Discussion à la suite du film
Suite à la projection du film « Darfour, du sable et des larmes », un débat a eu lieu. Monsieur Grossrieder et Monsieur Jordan notamment y ont pris part afin de nous parler de la situation au Darfour et de l’action humanitaire en général. De nombreux thèmes ont été abordés :
- Est-ce que les gens agiront plus pour venir en aide aux pays dans le besoin s’ils culpabilisent ? Il semblerait que la réponse soit « non ». Il est très difficile d’agir matériellement pour aider les populations qui subissent des conflits. Mais, selon M.Grossrieder, si l’opinion publique a une juste vision des choses, sans pour autant culpabiliser, cela peut s’avérer très important.

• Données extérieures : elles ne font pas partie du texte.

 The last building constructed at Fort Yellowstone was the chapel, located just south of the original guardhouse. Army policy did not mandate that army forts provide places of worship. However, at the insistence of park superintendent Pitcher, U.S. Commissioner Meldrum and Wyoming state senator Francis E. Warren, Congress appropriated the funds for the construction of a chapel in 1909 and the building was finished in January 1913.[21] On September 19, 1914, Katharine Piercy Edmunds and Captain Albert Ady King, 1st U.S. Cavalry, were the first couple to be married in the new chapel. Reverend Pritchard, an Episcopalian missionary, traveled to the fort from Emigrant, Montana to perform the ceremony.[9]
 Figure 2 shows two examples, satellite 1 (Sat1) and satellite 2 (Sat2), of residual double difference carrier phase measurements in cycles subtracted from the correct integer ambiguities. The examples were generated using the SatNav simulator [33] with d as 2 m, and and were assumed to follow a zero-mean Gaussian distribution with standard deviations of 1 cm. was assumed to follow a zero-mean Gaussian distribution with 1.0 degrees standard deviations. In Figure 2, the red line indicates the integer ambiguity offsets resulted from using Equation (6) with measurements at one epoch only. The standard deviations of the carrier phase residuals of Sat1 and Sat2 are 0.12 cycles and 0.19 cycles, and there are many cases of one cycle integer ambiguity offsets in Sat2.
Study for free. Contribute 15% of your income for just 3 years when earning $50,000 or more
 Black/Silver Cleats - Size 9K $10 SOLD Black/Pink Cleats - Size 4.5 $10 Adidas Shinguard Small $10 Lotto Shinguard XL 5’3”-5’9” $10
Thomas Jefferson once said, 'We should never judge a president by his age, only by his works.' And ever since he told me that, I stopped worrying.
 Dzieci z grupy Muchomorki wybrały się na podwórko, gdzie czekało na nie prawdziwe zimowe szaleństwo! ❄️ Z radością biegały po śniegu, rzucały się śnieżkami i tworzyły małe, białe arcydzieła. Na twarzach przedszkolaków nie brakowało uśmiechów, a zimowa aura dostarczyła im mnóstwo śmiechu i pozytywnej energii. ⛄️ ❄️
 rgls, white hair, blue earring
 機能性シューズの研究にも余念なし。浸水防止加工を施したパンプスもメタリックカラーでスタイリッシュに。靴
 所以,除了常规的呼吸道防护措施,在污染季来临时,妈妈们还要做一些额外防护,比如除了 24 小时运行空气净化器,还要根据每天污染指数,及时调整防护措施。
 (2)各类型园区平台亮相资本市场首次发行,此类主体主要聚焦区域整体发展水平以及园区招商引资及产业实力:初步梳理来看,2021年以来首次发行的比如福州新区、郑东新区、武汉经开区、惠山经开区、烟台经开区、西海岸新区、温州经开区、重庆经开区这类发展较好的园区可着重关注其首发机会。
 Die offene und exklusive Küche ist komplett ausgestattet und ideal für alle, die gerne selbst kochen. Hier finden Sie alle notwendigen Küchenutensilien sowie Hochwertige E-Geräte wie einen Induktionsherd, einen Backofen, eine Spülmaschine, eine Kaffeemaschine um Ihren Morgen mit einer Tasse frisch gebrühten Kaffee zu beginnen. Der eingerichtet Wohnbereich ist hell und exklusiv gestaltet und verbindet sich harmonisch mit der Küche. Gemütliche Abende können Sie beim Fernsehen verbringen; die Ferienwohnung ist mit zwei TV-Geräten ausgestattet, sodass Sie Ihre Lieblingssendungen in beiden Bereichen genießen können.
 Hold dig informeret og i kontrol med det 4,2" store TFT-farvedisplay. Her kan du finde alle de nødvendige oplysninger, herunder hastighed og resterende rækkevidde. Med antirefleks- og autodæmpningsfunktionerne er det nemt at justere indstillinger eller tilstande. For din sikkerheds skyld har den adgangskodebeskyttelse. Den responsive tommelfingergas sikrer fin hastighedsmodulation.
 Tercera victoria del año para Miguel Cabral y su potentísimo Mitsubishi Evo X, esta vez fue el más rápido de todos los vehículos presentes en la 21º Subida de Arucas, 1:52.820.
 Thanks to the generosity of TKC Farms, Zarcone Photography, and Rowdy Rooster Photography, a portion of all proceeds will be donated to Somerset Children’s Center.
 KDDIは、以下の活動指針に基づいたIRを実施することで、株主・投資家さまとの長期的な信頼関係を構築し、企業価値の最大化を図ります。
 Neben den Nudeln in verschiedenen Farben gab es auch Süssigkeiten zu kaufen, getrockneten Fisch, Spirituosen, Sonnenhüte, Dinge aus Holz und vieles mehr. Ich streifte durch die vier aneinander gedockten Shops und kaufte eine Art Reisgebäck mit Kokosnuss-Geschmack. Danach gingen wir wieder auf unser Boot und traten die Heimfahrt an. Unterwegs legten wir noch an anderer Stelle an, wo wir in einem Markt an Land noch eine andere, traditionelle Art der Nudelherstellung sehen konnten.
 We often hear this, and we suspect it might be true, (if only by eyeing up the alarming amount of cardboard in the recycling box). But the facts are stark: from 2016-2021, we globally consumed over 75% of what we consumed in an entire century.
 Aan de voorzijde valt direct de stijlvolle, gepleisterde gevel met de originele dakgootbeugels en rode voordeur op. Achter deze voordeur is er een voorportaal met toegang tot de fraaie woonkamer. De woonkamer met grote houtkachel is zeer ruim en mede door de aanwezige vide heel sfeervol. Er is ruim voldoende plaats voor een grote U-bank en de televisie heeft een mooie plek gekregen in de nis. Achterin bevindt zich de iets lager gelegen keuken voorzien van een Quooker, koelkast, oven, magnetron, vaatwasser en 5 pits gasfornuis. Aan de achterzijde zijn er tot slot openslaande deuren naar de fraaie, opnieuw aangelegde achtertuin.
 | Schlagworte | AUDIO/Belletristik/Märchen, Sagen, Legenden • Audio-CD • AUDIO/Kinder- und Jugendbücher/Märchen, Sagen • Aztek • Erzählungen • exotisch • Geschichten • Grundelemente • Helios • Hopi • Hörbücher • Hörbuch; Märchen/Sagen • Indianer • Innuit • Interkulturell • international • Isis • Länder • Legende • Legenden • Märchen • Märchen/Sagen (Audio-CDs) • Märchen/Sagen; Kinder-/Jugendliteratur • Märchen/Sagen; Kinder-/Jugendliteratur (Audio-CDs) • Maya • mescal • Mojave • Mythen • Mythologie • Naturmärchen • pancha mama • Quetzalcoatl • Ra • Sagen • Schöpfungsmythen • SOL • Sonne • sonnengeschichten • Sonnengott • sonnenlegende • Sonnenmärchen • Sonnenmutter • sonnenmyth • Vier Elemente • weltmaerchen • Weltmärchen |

- La question de la Somalie a également été abordée afin de mettre en avant la puissance des médias. En effet, M. Michel Diot a fait remarqué que les pirates somaliens font la une des journaux pour du brigandage alors même que les conflits à l’intérieur du pays qui ont déjà fait plusieurs morts n’apparaissent que très brièvement dans les médias.
- Pour revenir au Darfour, M. Pierre Sprumont a affirmé que les solutions au problème ne se trouvent pas chez nous mais bel et bien en Afrique et que nous ne pouvons rien faire de plus qu’envoyer des volontaires sur place.
- Pour terminer, Monsieur Jordan a partagé son expérience en tant que délégué du CICR au Darfour : la situation n’a pas beaucoup évolué depuis 2003. Les populations continuent à subir et le travail des ONG est très difficile.
Nous profitons de ce résumé pour remercier les invités qui ont accepté de prendre part au débat et de partager leur expérience de l’humanitaire.